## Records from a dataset
======

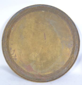 A large brass Islamic table top brass tray with central geometric design of Ottoman design with raised border
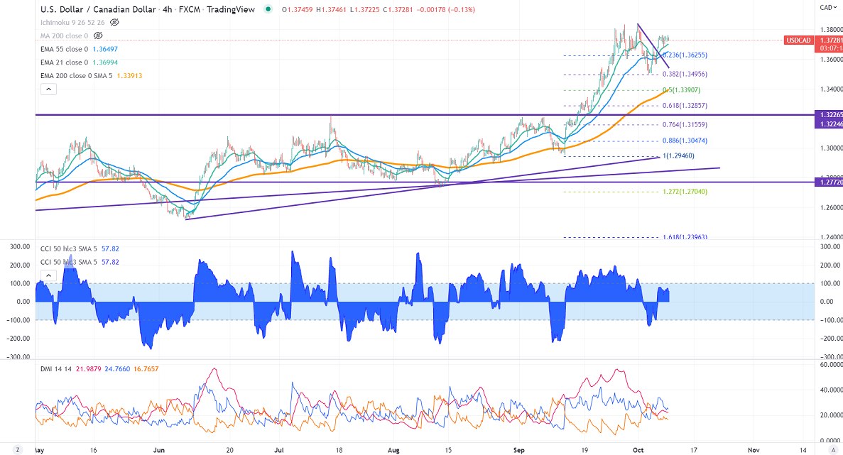 Technically in the 4-Hour chart, the pair is holding above the short-term( 21- EMA), 55- EMA, and the long-term moving average of 200 EMA (1.33880). Any violation above 1.3760 confirms intraday bullishness. A jump to 1.384/1.3900/1.4000 is possible.
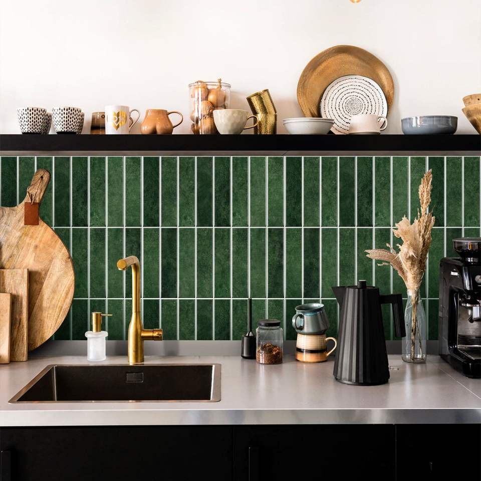 Kit di Piastrelle Adesive 3D Vintage Verde Scuro 12x12 Pollici, 10 Pezzi, Piastrelle Autoadesive Resistenti al Calore
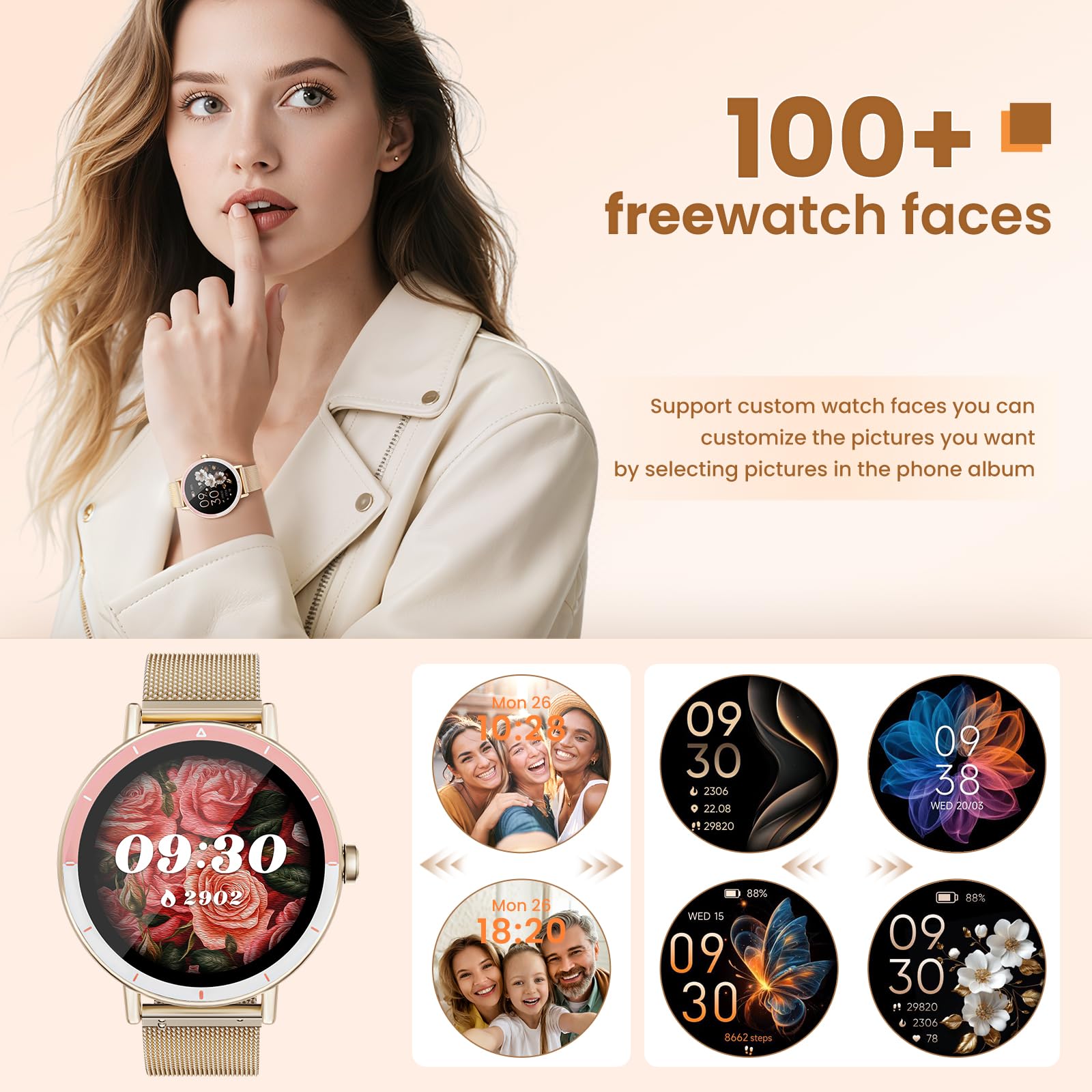 - All Day Health Monitoring:This smartwatch for Android and Iphone is equipped with advanced sensors that provide insights to help you better understand your health and adjust your lifestyle. It not only can monitors your health indicators (heart rate, blood oxygen, sleep), but also records women's menstrual period. It can also automatically monitor your sleep status and provide a comprehensive sleep quality analysis to help you have a better sleep.
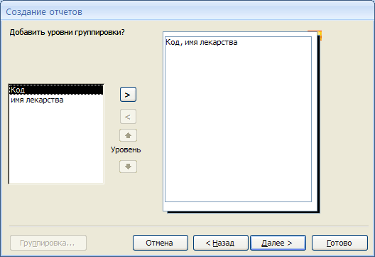 3. В следующем окне выбираются уровни группировки в отчете (рис. 24.), щелкните на кнопке Далее
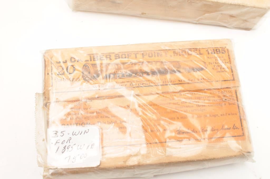 Lot of 5 boxes of collector ammunition including a box of Winchester .35 Win. for the 1895 rifle, Orange Label; one box of Remington red label 6mm; two boxes of .45-70 blanks and one box of Winchester .45-70. Est.: $75-150
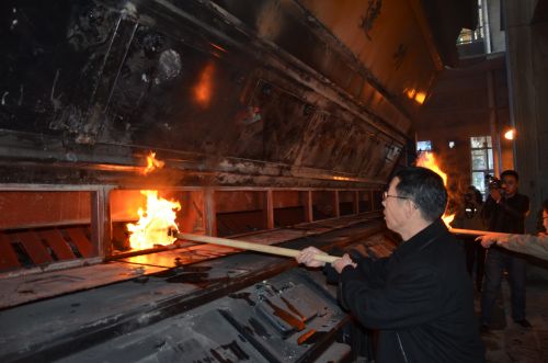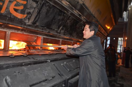 (城發(fā)公司副總經(jīng)理史繼文將熊熊燃燒的火把放入爐內(nèi),
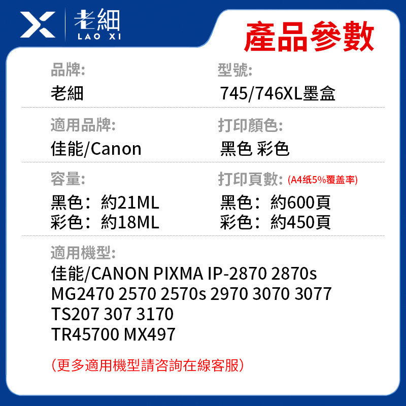 MG2970 TR4670 3077黑彩色港版 MG3070 MX497 TS3470打印机MG2570 TS3370 TS3170 746墨盒TR4570 兼容佳能745
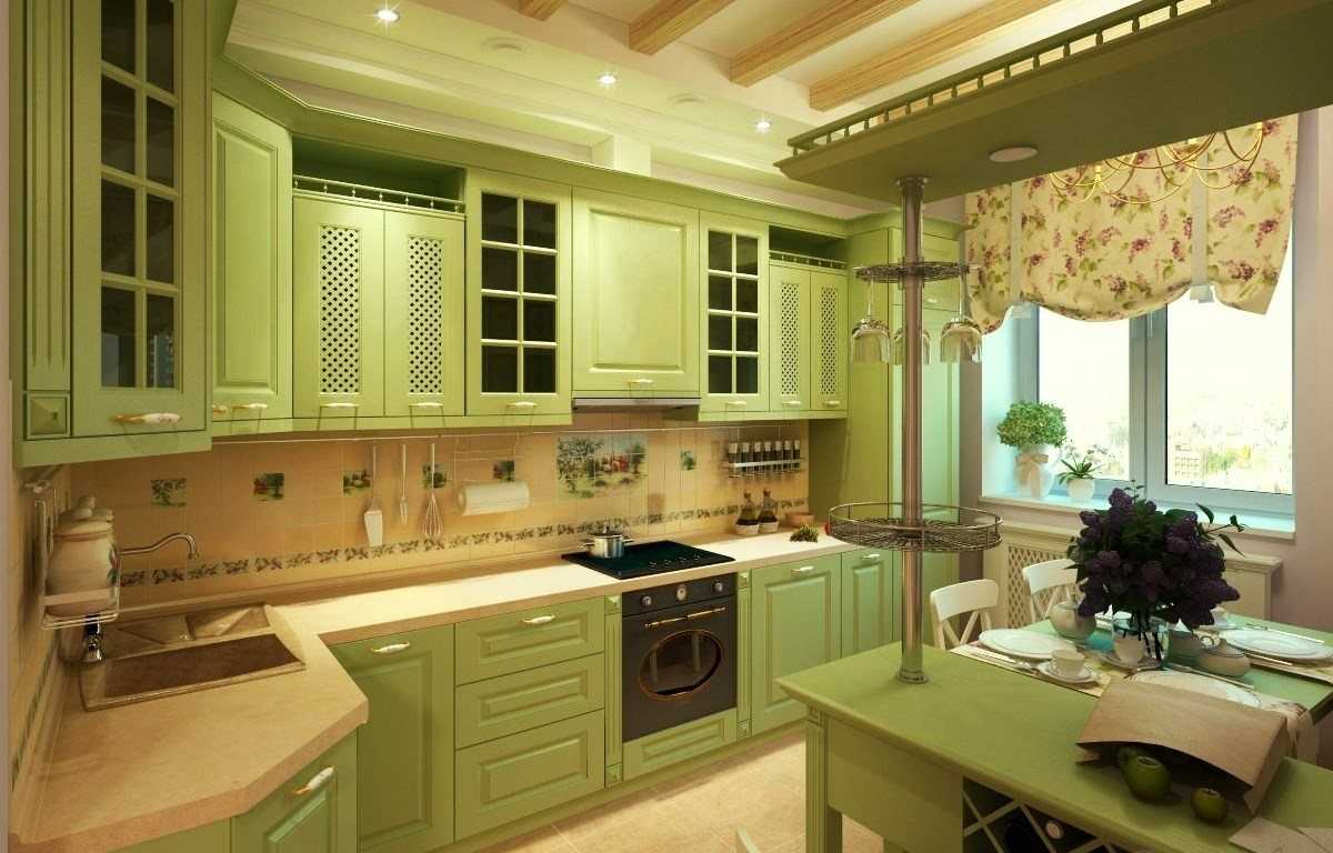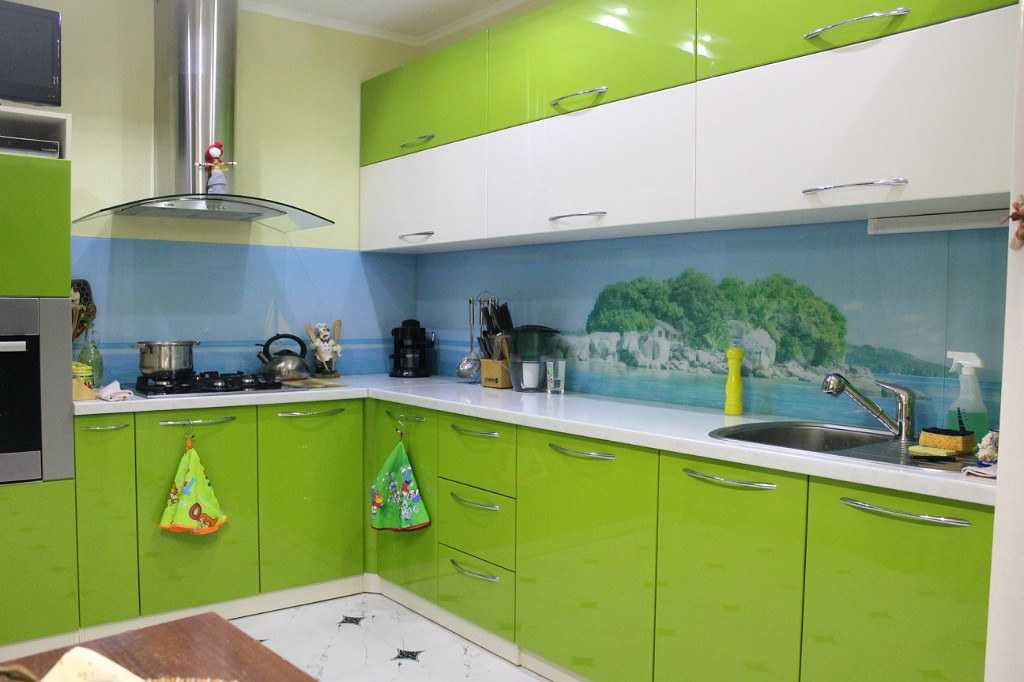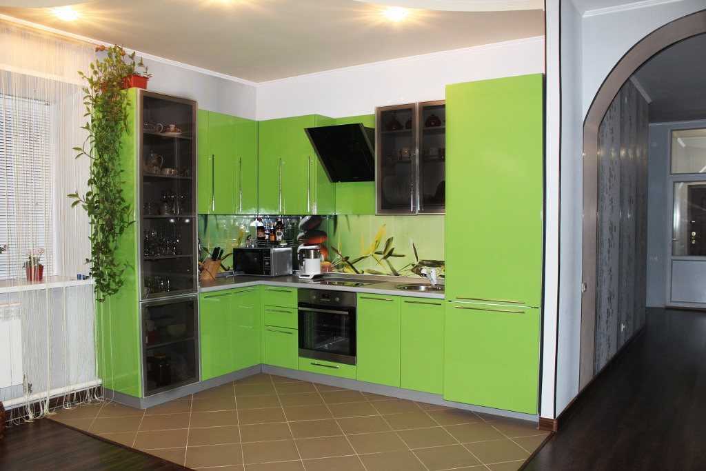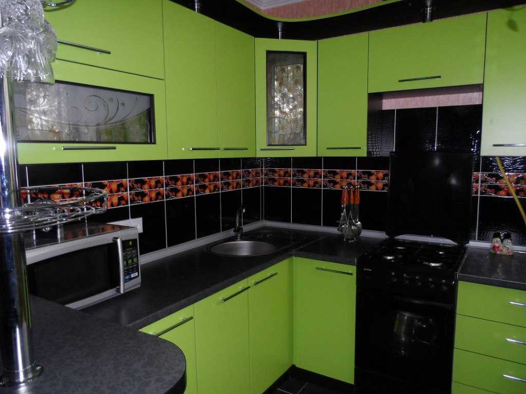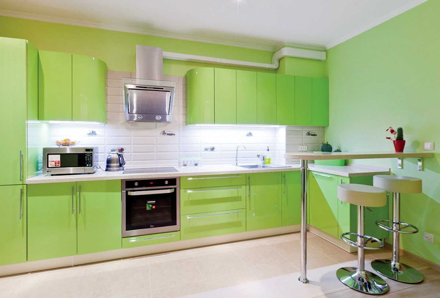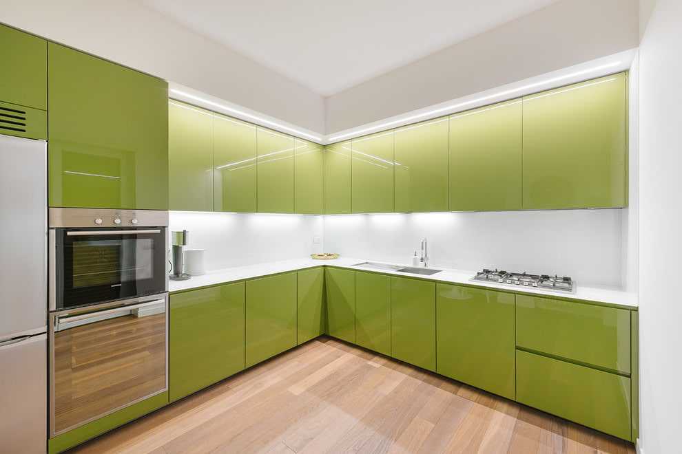 Салатовый цвет позволяет создавать гармоничность стен в сочетании с гарнитурой образованной светлыми или темными версиями фасадов.
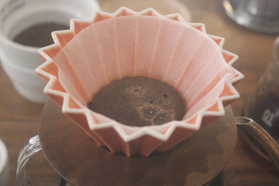 前街咖啡这次选择用锥形滤纸来进行冲煮,由于锥形滤纸是慢慢往下收小的,所以在中间的粉层比较厚四周的则会比较薄;而且锥形滤纸与滤杯的贴合度较差,在冲煮时咖啡粉的排气可以比较顺畅,在冲煮的时候如果水位高的话会很容易从滤纸滤杯中间的空隙流走。参数&手法:粉重15克;中细研磨(BG 6T:中国标准20号筛网通过率58%);水温90℃,粉水比1:15;

======

## TASK PROMPT
Leaving the pictures out, give back each line above exactly.

## TASK ANSWER
 A large brass Islamic table top brass tray with central geometric design of Ottoman design with raised border
 Technically in the 4-Hour chart, the pair is holding above the short-term( 21- EMA), 55- EMA, and the long-term moving average of 200 EMA (1.33880). Any violation above 1.3760 confirms intraday bullishness. A jump to 1.384/1.3900/1.4000 is possible.
 Kit di Piastrelle Adesive 3D Vintage Verde Scuro 12x12 Pollici, 10 Pezzi, Piastrelle Autoadesive Resistenti al Calore
 - All Day Health Monitoring:This smartwatch for Android and Iphone is equipped with advanced sensors that provide insights to help you better understand your health and adjust your lifestyle. It not only can monitors your health indicators (heart rate, blood oxygen, sleep), but also records women's menstrual period. It can also automatically monitor your sleep status and provide a comprehensive sleep quality analysis to help you have a better sleep.
 3. В следующем окне выбираются уровни группировки в отчете (рис. 24.), щелкните на кнопке Далее
 Lot of 5 boxes of collector ammunition including a box of Winchester .35 Win. for the 1895 rifle, Orange Label; one box of Remington red label 6mm; two boxes of .45-70 blanks and one box of Winchester .45-70. Est.: $75-150
 (城發(fā)公司副總經(jīng)理史繼文將熊熊燃燒的火把放入爐內(nèi),
 MG2970 TR4670 3077黑彩色港版 MG3070 MX497 TS3470打印机MG2570 TS3370 TS3170 746墨盒TR4570 兼容佳能745
 Салатовый цвет позволяет создавать гармоничность стен в сочетании с гарнитурой образованной светлыми или темными версиями фасадов.
 前街咖啡这次选择用锥形滤纸来进行冲煮,由于锥形滤纸是慢慢往下收小的,所以在中间的粉层比较厚四周的则会比较薄;而且锥形滤纸与滤杯的贴合度较差,在冲煮时咖啡粉的排气可以比较顺畅,在冲煮的时候如果水位高的话会很容易从滤纸滤杯中间的空隙流走。参数&手法:粉重15克;中细研磨(BG 6T:中国标准20号筛网通过率58%);水温90℃,粉水比1:15;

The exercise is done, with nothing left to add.